I noticed that in the article, it talks about the price of the handle and the
price of the blades[0]. I looked it up and it's not a disposable razor, it's a
replaceable cartridge head[1]. Which isn't as bad from my perspective. Same
source for [1] also says that the razor's made in India[2], so it's going to
have a much shorter maker-to-market chain.

[0] - [http://news.yahoo.com/cheap-razor-made-p-g-watches-
indians-s...](http://news.yahoo.com/cheap-razor-made-p-g-watches-indians-
shave-164550714--finance.html) "Gillette sells the Guard for 15 rupees, or 34
cents, and each razor blade is 5 rupees, or 12 cents"

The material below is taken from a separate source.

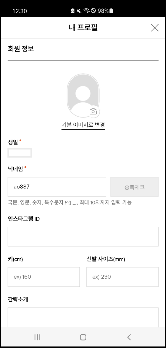 [내 프로필]에서 아래로 스크롤을 내리면 [추천인 ID]를 입력할 수 있는 칸이 있습니다. 여기에 xx2023을 입력하고 [확인]을 터치합니다.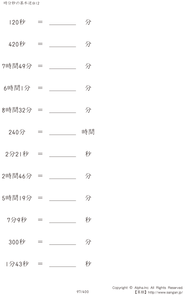 上記のボタンから「時分秒の基本逆@12」の算数数学ドリル・計算ドリル(PDFプリント)がダウンロードできます。個人利用は無料です(家庭以外での配布は有料です)。

[1] - [http://www.westcoastshaving.com/Gillette-Guard-Cartridge-
Raz...](http://www.westcoastshaving.com/Gillette-Guard-Cartridge-
Razor_p_1136.html) "Description Newly released Gillette Guard Cartridge Razor
with pivoting head."

[2] - [http://www.westcoastshaving.com/Gillette-Guard-Cartridge-
Raz...](http://www.westcoastshaving.com/Gillette-Guard-Cartridge-
Razor_p_1136.html) "Made in India."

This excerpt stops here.